Fashion as art: What this year’s Met Gala theme really means

Hailey Nguyen/ The Cougar

Every year, the Met Gala has a dress code that either sends the internet into chaos or inspires immediate Pinterest boards. For 2026, the dress code feels deceptively simple: Fashion is Art. But what does that mean exactly? 

Traditionally, the gala’s dress code reflects the museum’s exhibitions, encouraging attendees to interpret and embody the theme through their outfits. 

Curated by Andrew Bolton, this year’s spotlight exhibition, “Costume Art,” at the Metropolitan Museum of Art pairs garments with works from the museum’s permanent collection. 

The goal is clear: to demonstrate that fashion isn’t simply something we wear. It’s to construct, engineer and experience something similar to a painting or sculpture. 

In other words, the body becomes the canvas. It also becomes the frame. The gallery. The site where meaning lives. 

The risk of a dress code being this expansive, however, is that it can become vague. “Fashion is Art” leaves room for breathtaking conceptual couture. It also leaves room for safe glamour disguised as meaning. 

The most successful looks will likely feel less like outfits and more like arguments. They will not simply be beautiful, but they will be intentional. They will show evidence of thought through their construction and the meaning behind it. The look must withstand critique the way art does. 

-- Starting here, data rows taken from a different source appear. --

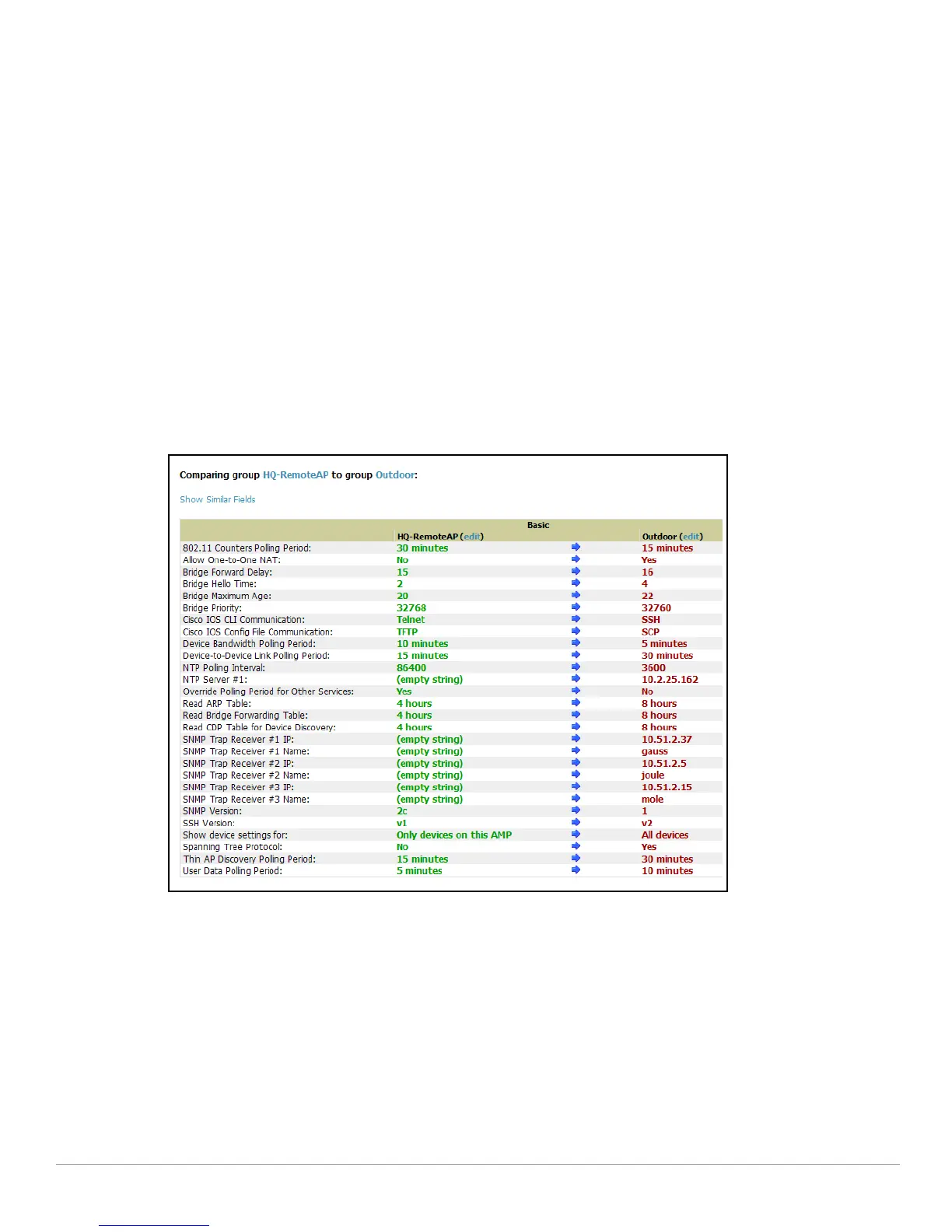To display settings that are similar or identical between two device groups, click Show Similar Fields at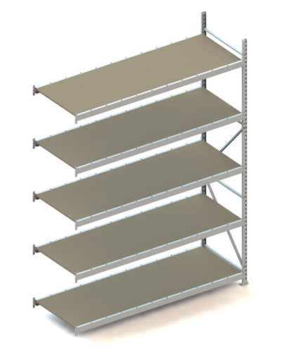 de belangrijkste maten van de META breedvakstelling MINI-RACK in één oogopslag:5 niveaus met houten vloer. niveaus met versteviging door dwarsprofielen. verhoogde stabiliteit, want elk vak heeft een dwarsprofiel in het midden. vakhoogtes zijn afhankelijk van het doel en uw behoeften verstelbaar in stappen van 50 mm. gebruik eenzijdig - ontworpen voor plaatsing tegen een wand. constructie van staal, staanders met corrosiebeschermende zinklaag, traversen met corrosiebeschermende zinklaag. staander met voetplaat (vastschroefbaar).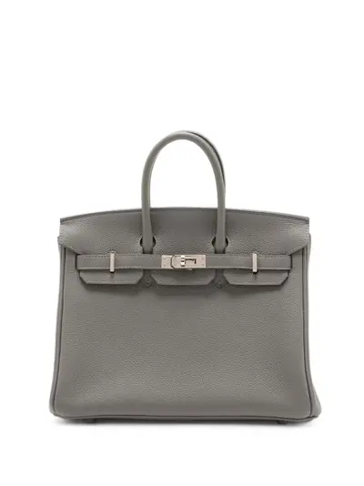 The Birkin 25 features a togo leather body in Gris Meyer color, rolled leather handles, a front flap with turn-lock closure, and interior slip and zip pockets. Gray. This item has no inclusions. Condition: EXCELLENT. This previously owned item is in near-perfect condition with no signs of damage or use. Due to the exclusivity of this item and its limited availability, processing and delivery might take longer than usual. Please refer to the photos on this product page for a detailed view of the item, including any damages declared.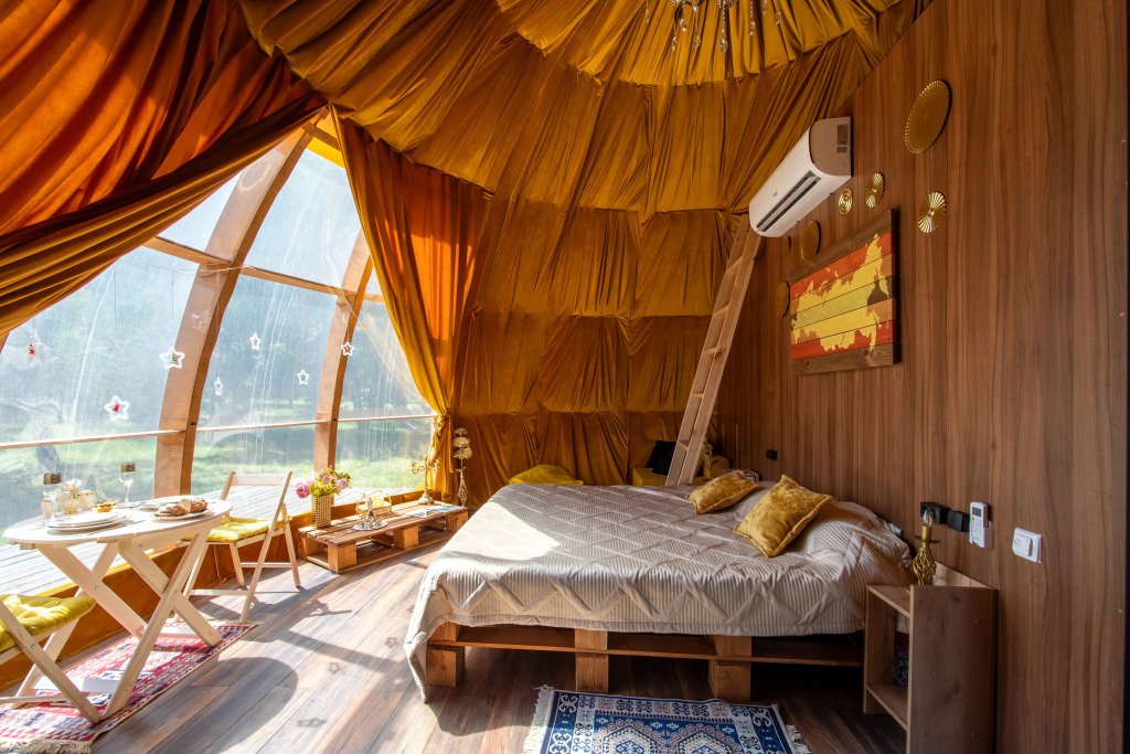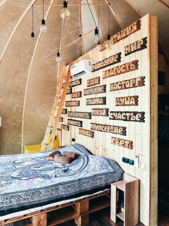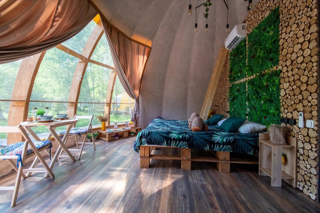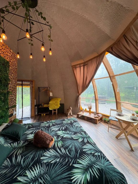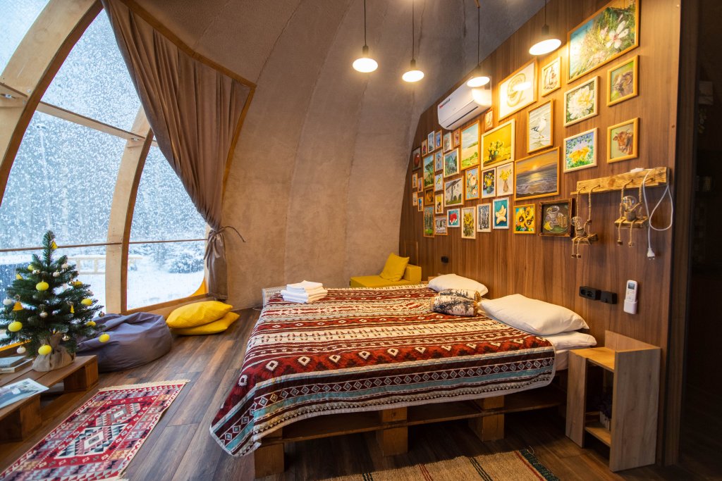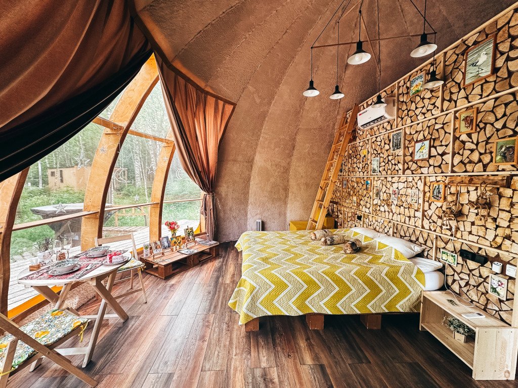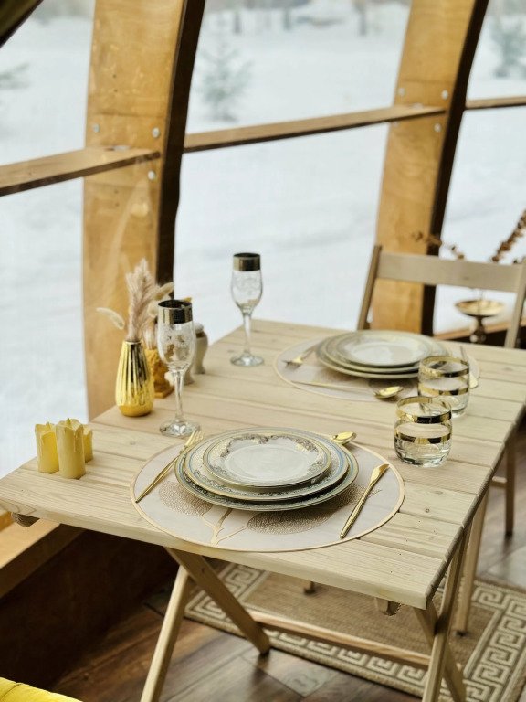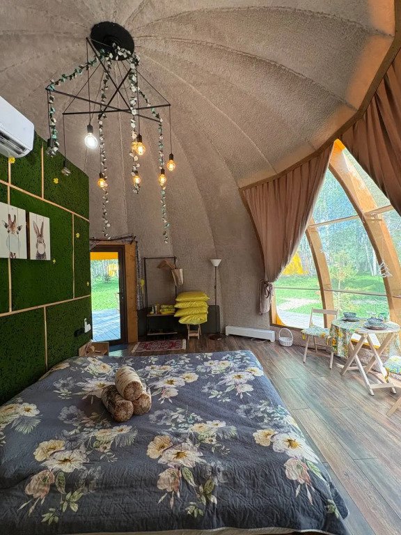 На территории глэмпинга доступны 10 купольных домиков-сфер, 2 семейных дома с 2 спальнями и гостиной, а также 3 дома для 2 гостей. Дома оборудованы необходимыми удобствами для проживания в любое время года. Удобства: кухня с техникой и посудой, кофемашина с капсулами, чай, фен, полотенца, постельное бельё, косметика для душа, терраса с мангальной зоной, шезлонг. Для маленьких детей предоставляется кровать-манеж. Из каждого панорамного окна открывается вид на лес.

Fashion as cultural record 

If fashion is art, then it is also history in motion. Museums preserve paintings to understand the past; fashion captures culture as it happens. The silhouettes, fabrics and symbolism at the Met will reflect what this era valued, whether that’s excess, minimalism, activism or nostalgia. 

Unlike traditional artworks that are preserved behind glass, fashion exists on living bodies. It moves and reacts. It captures culture as it unfolds. If this year’s theme succeeds, it won’t just celebrate creativity; it will create a visual time capsule of 2026. 

To call fashion art is not just a stylistic statement; it is a cultural one. It asks audiences to take clothing seriously, not simply as a trend but as expression, commentary and record.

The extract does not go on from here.